▶ _Recorded information_
────

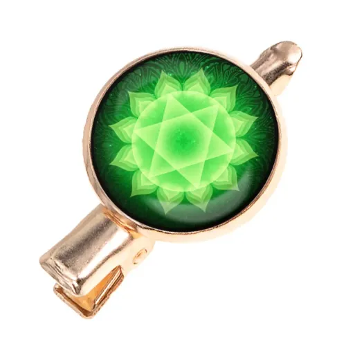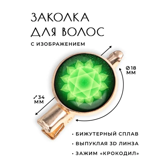 Заколка для волос из бижутерного сплава с покрытием под розовое золото и изображением чакры под стеклянной линзой.
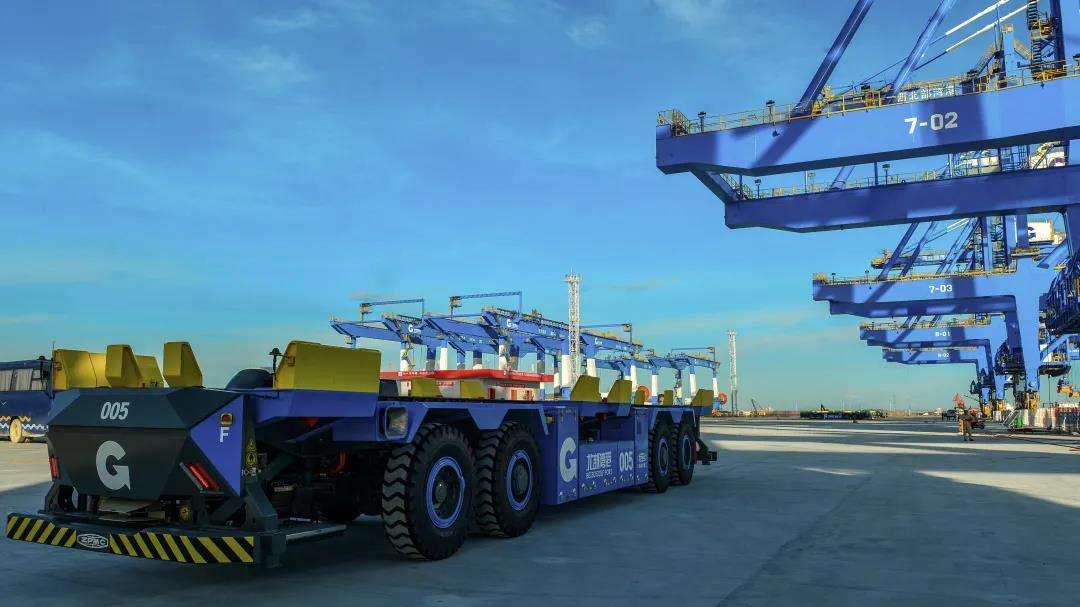 水平运输的IGV采用八轮四轴结构,最大轮压与普通外集卡相当,无需增加土建投资;采用了373kwh的大容量磷酸铁锂电池,满电续航可达到最大8小时;同时联合专业公司,首创新型智能充电机器人,在定点充电工艺的基础上实现大电流智能快充,从0充满仅需一小时。
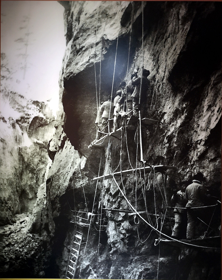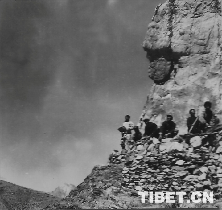 圖為懸空打炮眼。在峰巒險(xiǎn)峻的雀兒山開(kāi)鑿石方,全靠人工用鋼針打眼、放炮。翻拍:李元梅
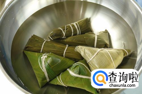 系好的粽子放入锅中,水要没过粽子。

────

▶ _Exercise goal_
At the line containing "圖為懸空打炮眼。在峰巒險(x", start reproducing exactly, and stop after the last line of the listing; include both ends, and leave the pictures out.

▶ _Solution to the problem_
 圖為懸空打炮眼。在峰巒險(xiǎn)峻的雀兒山開(kāi)鑿石方,全靠人工用鋼針打眼、放炮。翻拍:李元梅
 系好的粽子放入锅中,水要没过粽子。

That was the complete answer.